For some artistes, their entire discographies disappeared, while for others, only some of their songs were removed from the streaming platform.

Cover image via Rolling Stone & Iylia Aziz (Provided to SAYS)

Earlier today, 1 March, K-pop fans around the world were dismayed to discover that hundreds of their favourite K-pop tracks were no longer available on Spotify

The artistes affected include IU, Ailee, MONSTA X, Epik High, GFRIEND, SF9, KARD, VIXX, Dreamcatcher, INFINITE, Hwasa, Zico, Jessi, B2ST, MAMAMOO, MOMOLAND, SEVENTEEN, and more.

For some artistes, their entire discographies disappeared, while for others, only some of their songs were removed from the streaming platform.

A screenshot showing that K-pop group VIXX's songs are no longer available on Spotify.

Image via Iylia Aziz (Provided to SAYS)

This came as a shock to both fans and the artistes, as the K-pop songs suddenly became unavailable without warning.

Tablo of Epik High even Tweeted about it, expressing his frustration.

Later on, Spotify released an official statement to clarify the situation. In it, they explained that the issue was due to the expiration of their licensing agreement with Korean music distributor Kakao M.

When selecting one of the affected K-pop songs, a 'this content is not available' pop-up appears at the bottom of the screen.

Image via Iylia Aziz (Provided to SAYS)

A spokesperson for Spotify stated, "Due to the expiration of our original licensing agreement with Kakao M on March 1, 2021, we are no longer able to provide its catalogue to fans and listeners all over the world.

"We have been making efforts in all directions over the past year and a half to renew the global licensing agreement so that we could continue to make Kakao M artists' music available to fans all over the world, as well as our 345 million users in 170 different regions.

"However, in spite of this, we were unable to reach an agreement about renewing our global license.

"The matter of our global licensing agreement is unrelated to the launch of our service in South Korea.

"We feel that this situation is deeply unfortunate for many artists, as well as fans and listeners all over the world, and we sincerely hope that we will be able to quickly resolve the current situation.

"We will continue to do our utmost so that we can keep working with Korean rights holders, including Kakao M, and help both the Korean music market and overall streaming ecosystem grow together."

Kakao M then followed up with their own official statement, in which they claimed that Spotify had chosen not to renew their agreement, even after a request from Kakao M

The company also added that both parties are still in the process of negotiating whether or not Kakao M's catalogue will be made available on the recently launched South Korean version of Spotify.
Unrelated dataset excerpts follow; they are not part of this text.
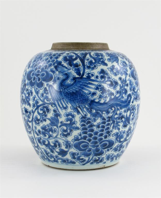 A Chinese blue and white ovoid vase, painted with three phoenix amidst continuous peony scrolls, Kangxi 1662-1722, minor fritting to the neck rim, 21cm.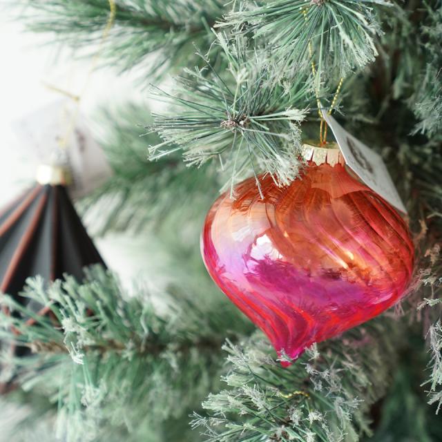 ★オレンジからピンクに移りゆくグラデーションがとても幻想的で美しいガラスボールオーナメントです。 ボールの表面には繊細な螺旋模様が施されており、そのカラフルな色使いと相まってオーナメント本来の美しさをより一層引き立てています。 カラフルでポップ、でもちょっぴりレトロな雰囲気も併せ持つ個性あふれる魅力でクリスマスツリーを色鮮やかに彩ります。ツリーの緑に映えるその美しさに注目が集まること間違いなしのオーナメントです。 ガラス特有の素材感によって光の反射や輝きなど異なる表情を見せてくれるのもまた、このオーナメントならではの魅力です。 GODDWILLらしい洗練されたデザインでクリスマスツリーに独創的かつモダンな雰囲気をもたらします。 クリスマスツリーに飾るのはもちろん、玄関先や窓際、シェルフなどに置いて飾るのもおすすめです。季節を問わずクリスマスの時期を過ぎてもお部屋のインテリアとしてお使いいただける優秀なアイテムです。 サイズは高さが約8cmです。 |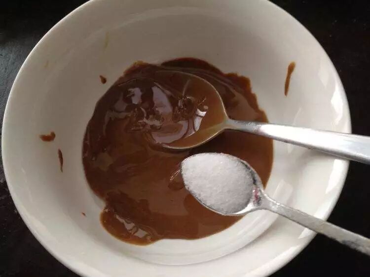 加入陈醋拌匀以后再加入2克盐、家里吃饭用的瓷勺,加入多半勺的白糖,再加入6勺的蜂蜜。基本上的原则是加入几汤勺的醋就加入几瓷勺的蜂蜜。

According to an article by Soompi, this launch in South Korea put Spotify in direct competition with Melon, Kakao M's own streaming service.

Melon, Kakao M's streaming service.

Image via Kakao M

However, Kakao M stated that the expiration of their global licensing agreement with Spotify is an entirely separate and unrelated issue.

Kakao M stated, "Unrelated to our preexisting global licensing agreement with Spotify, Kakao M has been separately negotiating with Spotify regarding a domestic contract for the supply of music.

"Unrelated to the domestic contract, which we are still negotiating, we separately received notice of the expiration of our license on February 28, and we requested a renewal of our existing global contract.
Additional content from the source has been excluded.